An active lifestyle throughout the life cycle seems to delay cognitive aging and dementia and has also been
evaluated as an intervention against addiction to cocaine and other drugs of abuse. In epidemiological studies with
humans, it has proved difficult to separate the cognitive, social and physical components from other variables that
influence lifestyle. Studies in animal models are useful for evaluating the impact of each of these factors and for
uncovering the underlying mechanisms of the benefits of complex environments. Preclinical studies have employed the
Environmental Enrichment paradigm (EE) which has been proposed as a preclinical model of positive life experiences in
humans.

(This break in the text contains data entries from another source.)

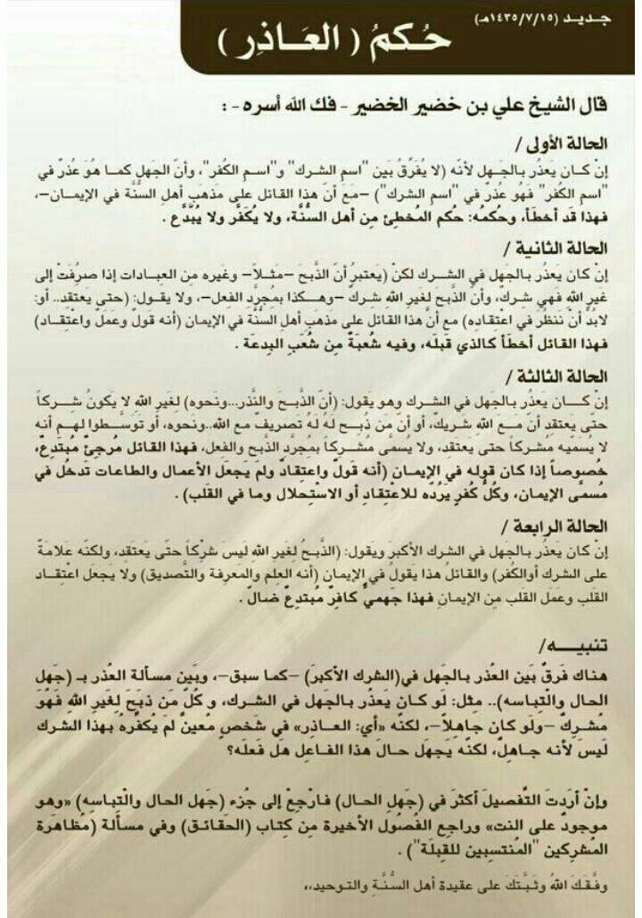 Сказал Шейх Али Аль-Худейр (да освободит его Аллах): Первое положение: Если он оправдывает по незнанию, по той причине, что не делает различие между понятиями «ширк» и «куфр» (1) и полагает, что незнание (может) служить оправданием как в куфре, так и в ширке. Вместе с этим этот оправдывающий на мазхабе «Ахлю-ссунна» в вопросе Имана. Такой ошибся, а его хукм – хукм того, кто ошибся из «Ахлю-ссунна». Ему не делается такфир и его не считают нововведенцем. Второе положение: Если он оправдывает по незнанию в вопросах ширка, но говорит: «Приносить жертву, давать обеты и другие поклонения, которые направляют не к Аллаху – ширк, уже само действие, как приносить жертву и т.п. не Аллаху – ширк», и не говорит, что условием того, чтоб это стало ширком, нужно, чтобы у совершившего его было соответствующее вероубеждение, или, что нужно посмотреть в его вероубеждение в начале (2) (как говорят мурджииты). Вместе с этим он на мазхабе «Ахлю-ссунна» в вопросе Имана, что Иман – это слова, дела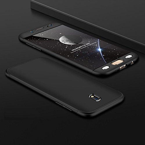 Samsung Galaxy J7 2017 Cover 360 Gradi Custodia + Pellicola Vetro Temperato Full Body Ultra Sottile Antiscivolo Protettiva Case per Samsung Galaxy J7 (2017) J730 (Nero)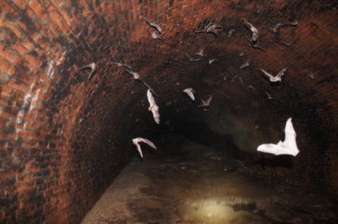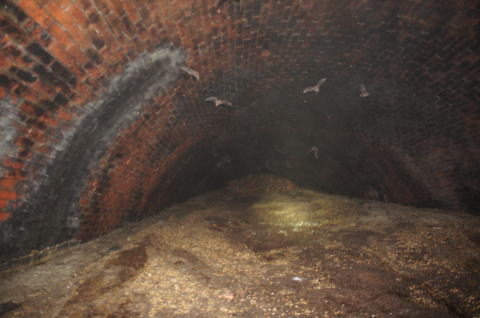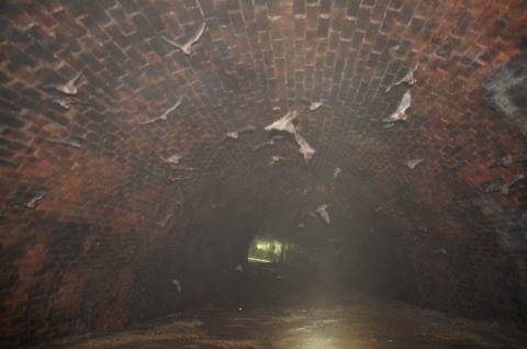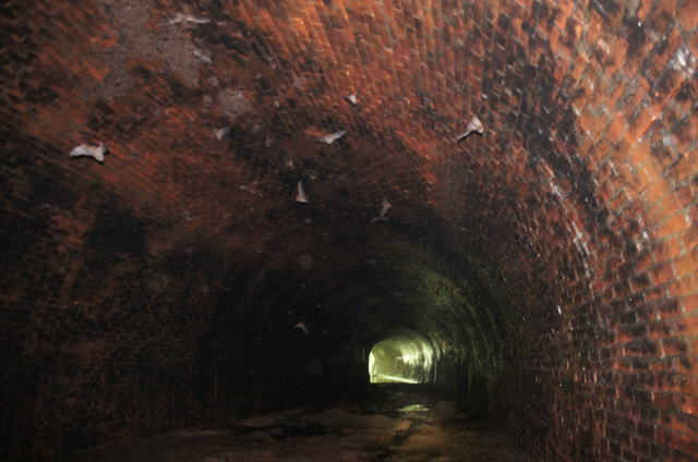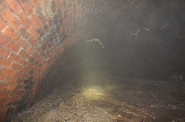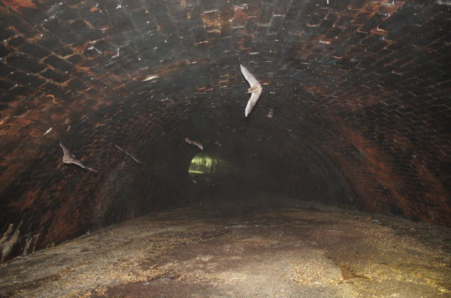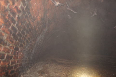 ![]() 大旋回こうもりさんのお蔭で坑口側から奥の視界がクリア! 既に大半のこうもりさんは奥に戻っていきました。棲家荒らしてすんません。 |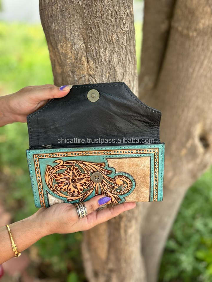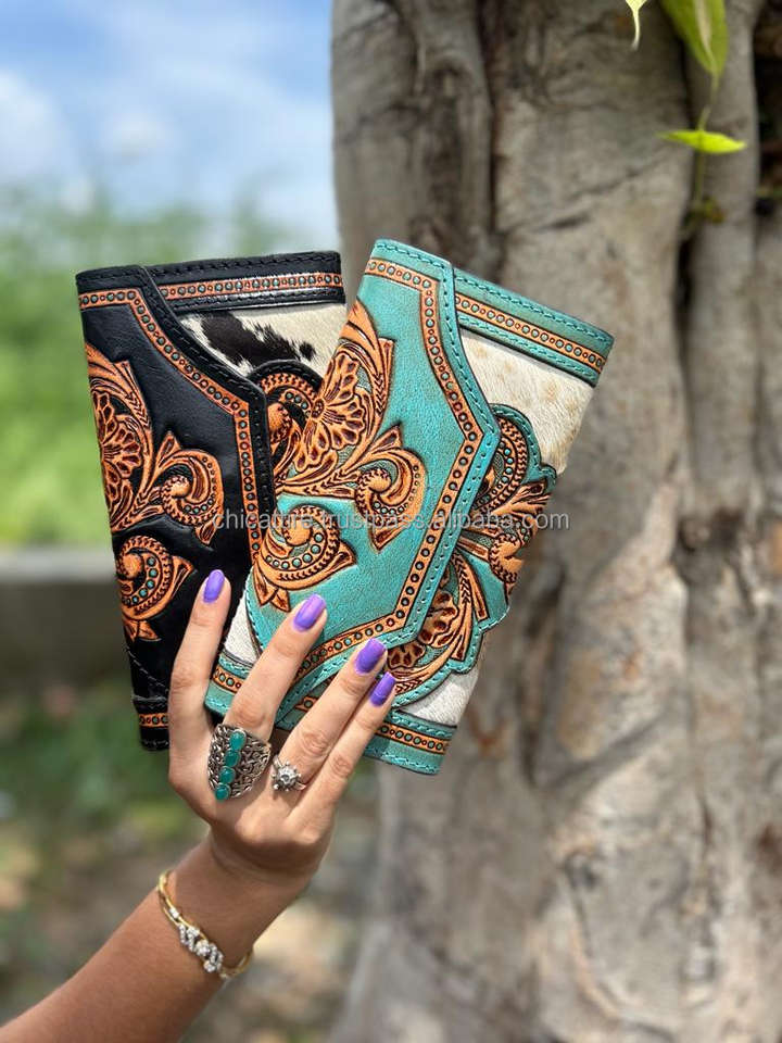 New Western Stylish Hair on Hide Colour Tooled Fur Leather Clutch Women Designed Purse Hot Selling Tooled Leather Unique Wallet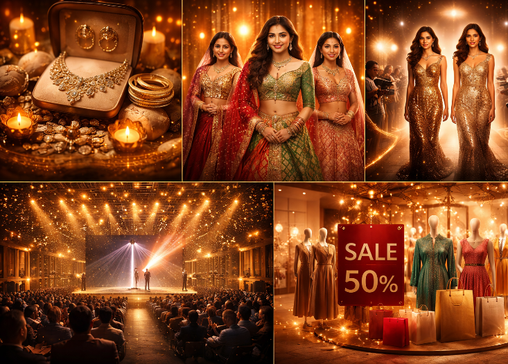 Festive collections, mega-sale campaigns, walk-in boost videos.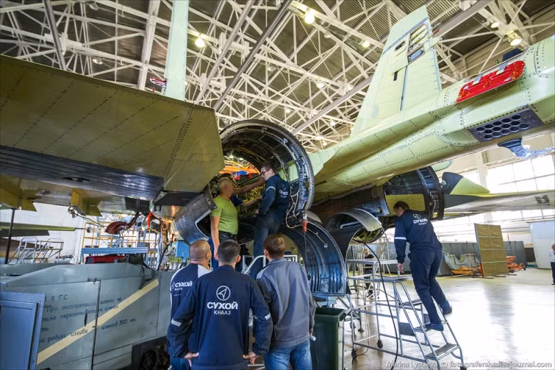 Dây chuyền sản xuất Su-35 tại nhà máy chế tạo máy bay mang tên YA Gagarin tạiKomsomolkom-on-Amur. (KnAAZ).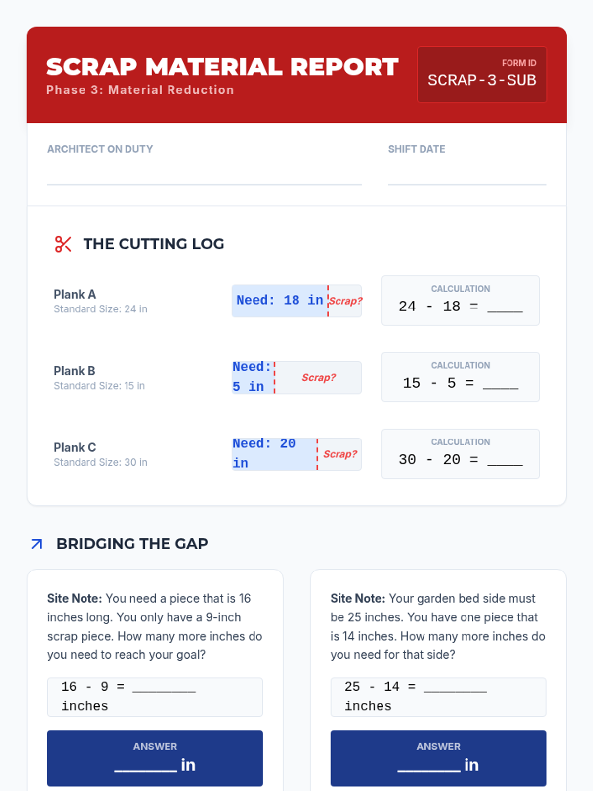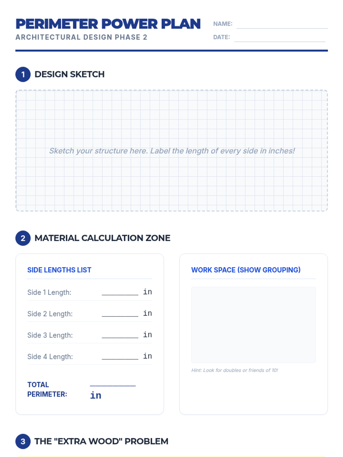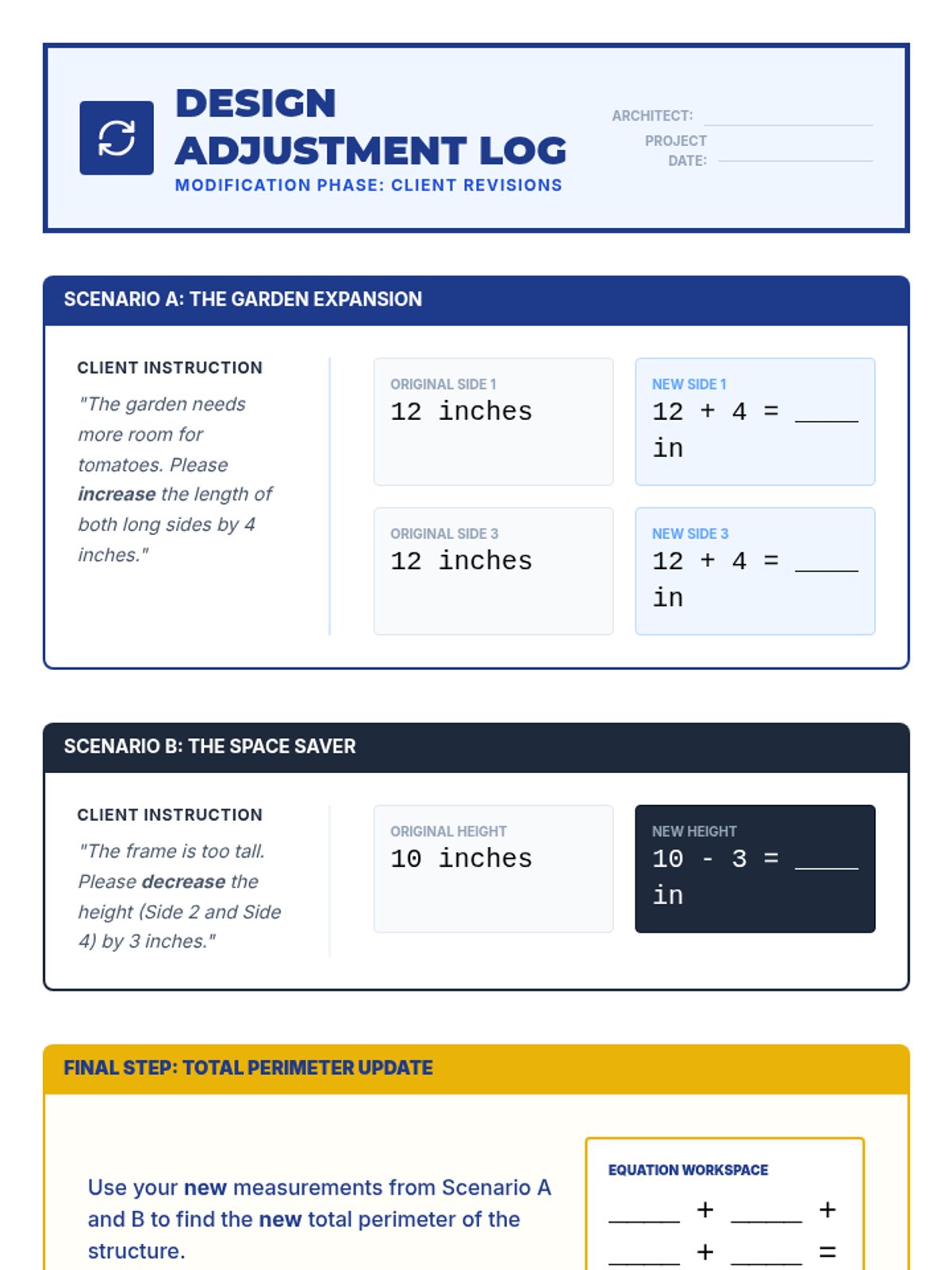 A 3rd Grade project-based sequence where students act as junior architects, using addition and subtraction of length to design and verify a structure. Students move from measuring physical objects to calculating total materials, handling waste, and adjusting designs based on client feedback.

EE has been associated with protective effects against addiction to some drugs, but few studies have been carried
out in order to evaluate how its actions interact with nicotine addiction. In this context, the main aim of this review is to
provide an analysis of the preclinical studies evaluating the interaction between exposure to enriched environments with
the neurobiological and behavioral effects of nicotine administration. These studies will contribute to the development of
future preventive and therapeutic applications of enriched environments and positive experiences for drug addiction in
human beings, taking into account individual vulnerability. They also may shed light on new approaches to the treatment
of nicotine addiction, as interventions based in physical exercise in interaction with other environmental variables.
Keywords: Addiction, cognitive activity, environmental enrichment, nicotine, mice, physical activity, rats, sensorial
stimulation, social interaction.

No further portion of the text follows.